Dólar mais fraco

Há pelo menos mais dois fortes indícios novos de que os Estados Unidos estão interessados na desvalorização do dólar diante das outras moedas fortes, especialmente do euro e do iene.

O primeiro deles é a reafirmação de Alan Greenspan, presidente do Federal Reserve (banco central dos Estados Unidos), de que continua mais preocupado com os efeitos da deflação sobre a economia americana do que com a inflação. Apenas para relembrar, deflação é a queda constante de preços que produz sobre a economia o mesmo estrago que a inflação. Reduz a arrecadação e portanto tende a aumentar o déficit orçamentário, na medida em que a maior parte dos impostos é cobrada sobre preços mais baixos; aumenta as dívidas e os juros em termos reais.

A desvalorização cambial interessa a Greenspan na medida em que aumenta em dólares os preços dos produtos importados. Em outras palavras, tende a provocar inflação e, portanto, a neutralizar o processo de deflação.

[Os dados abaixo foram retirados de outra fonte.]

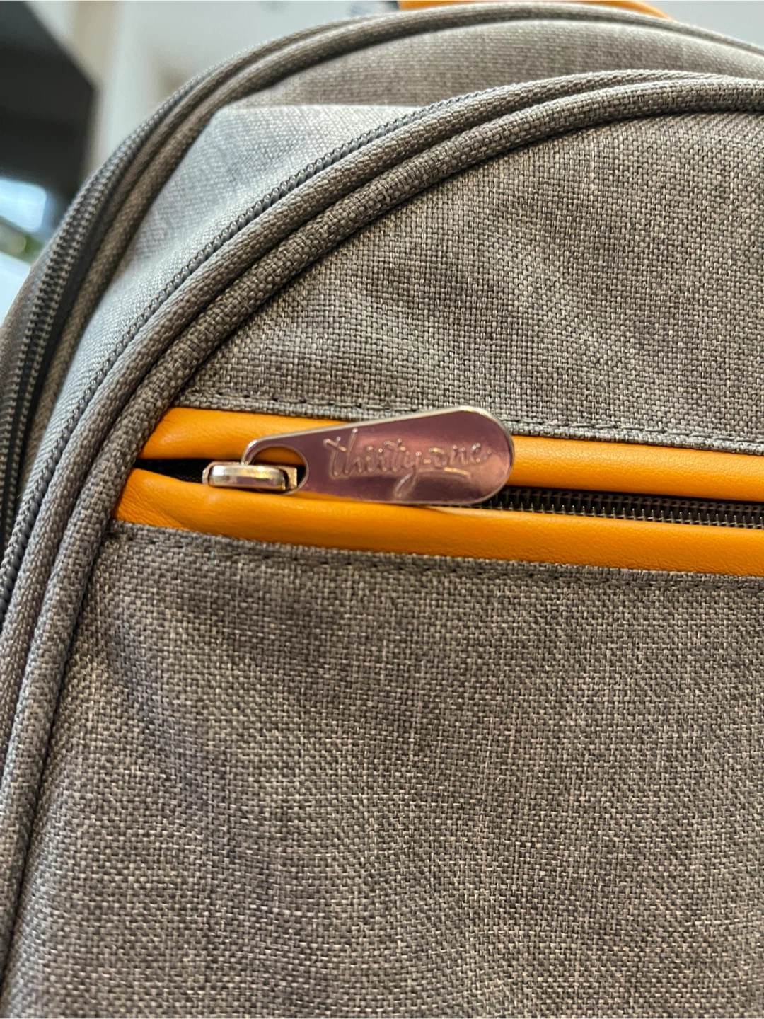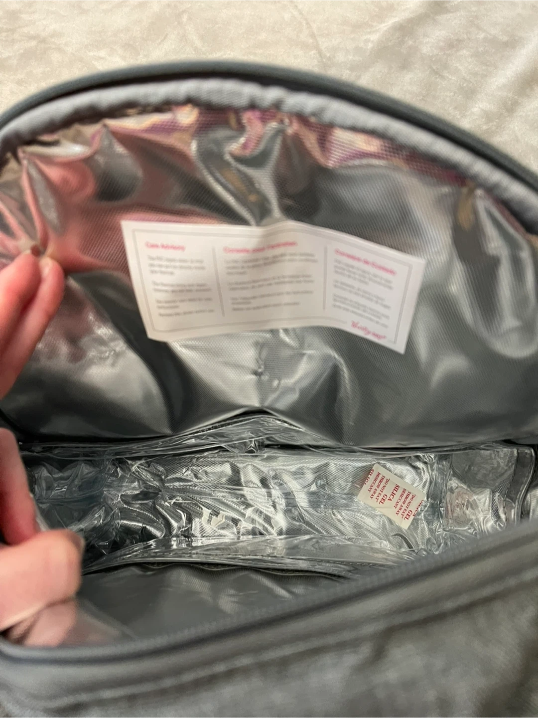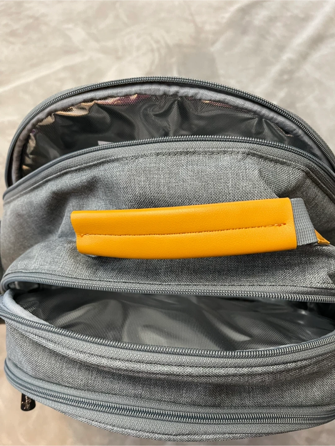 This Thirty-One picnic backpack is perfect for outdoor adventures! It comes with everything you need for a lovely picnic, including cutlery, plates, glasses, and even a blanket. The backpack is a stylish grey colour with yellow accents and has insulated compartments to keep your food and drinks at the perfect temperature.

Convém acrescentar que, no ambiente de juros próximos a zero, como o que prevalece hoje nos Estados Unidos, e numa fase de deflação, fica mais difícil ajustar o volume de dinheiro às necessidades da economia, porque não é possível reduzir os juros abaixo de zero.

Inflação negativa
Ontem, a divulgação do Índice de Preços ao Consumidor (CPI, na sigla em inglês) confirmou que a preocupação de Greenspan tem fundamento. Em novembro, os preços assim medidos caíram 0,2%. E o chamado núcleo duro (que expurga da pesquisa os preços da energia e dos alimentos) caiu 0,1%, voltando a ficar negativo depois de 21 anos.

O segundo indício de que o governo americano está interessado no deslizamento do dólar foi a declaração do secretário do Tesouro, John Snow, levada ao ar segunda-feira. Ele disse que não há nada de especialmente errado no dólar fraco. E não foi preciso mais para disseminar a percepção de que as autoridades dos Estados Unidos estão interessadas em que um dólar desvalorizado barateie o produto de exportação, portanto, a incentive e, ao mesmo tempo, encareça o produto importado e, nessas condições, contribua para reduzir as importações. Em outras palavras, um dos efeitos do dólar mais fraco é ajudar a esvaziar o déficit da balança comercial americana que, neste ano, aponta para os US$ 550 bilhões.

A desvalorização do dólar pode fornecer tanto os elementos para a recuperação da atividade econômica dos Estados Unidos quanto para a superação dos dois déficits gêmeos que vêm criando um ambiente de desconfiança sobre o futuro da economia americana. São eles, o déficit orçamentário (o Tesouro gastando mais do que arrecada), de US$ 400 bilhões, e o déficit em conta corrente (os Estados Unidos gastando mais do que arrecadando em mercadorias e serviços no exterior), da ordem de US$ 550 bilhões.

Aterrissagem
Outra questão consiste em saber até onde vai essa fase de esvaziamento do dólar. O euro vai batendo recordes históricos seguidos. Ontem, atingiu US$ 1,2364, o que dá, apenas neste ano, uma desvalorização acumulada do dólar de 14,6%. Comparada com o mínimo de fechamento, aquele US$ 0,8373 registrado no dia 5 de julho de 2001, a desvalorização do dólar em relação ao euro alcança 32,2%.

O diretor de Análise e Estratégia da Divisão América do Banco Santander, Jose Juan Ruiz, acredita em que a cotação do euro, que ontem fechou a US$ 1,2330 vai apontando para o patamar de US$ 1,30. Mas ele não exclui o cenário mais agudo, de um euro a US$ 1,40.

O problema crucial consiste em saber se a aterrissagem do dólar vai ser suave ou se vai levar o avião a enfiar o bico na pista. A questão é relevante porque, à medida que o investidor internacional deixar-se impressionar pela velocidade do ajuste, poderá rejeitar ativos em dólares no mercado internacional, o que precipitaria o tombo.

A desvalorização do dólar tende a arrastar o real. Como isso já está acontecendo, a perda de valor do real em relação ao euro e ao iene vai aumentando a competitividade do produto brasileiro na Europa e no Japão - o que não deixa de ter seu lado bom.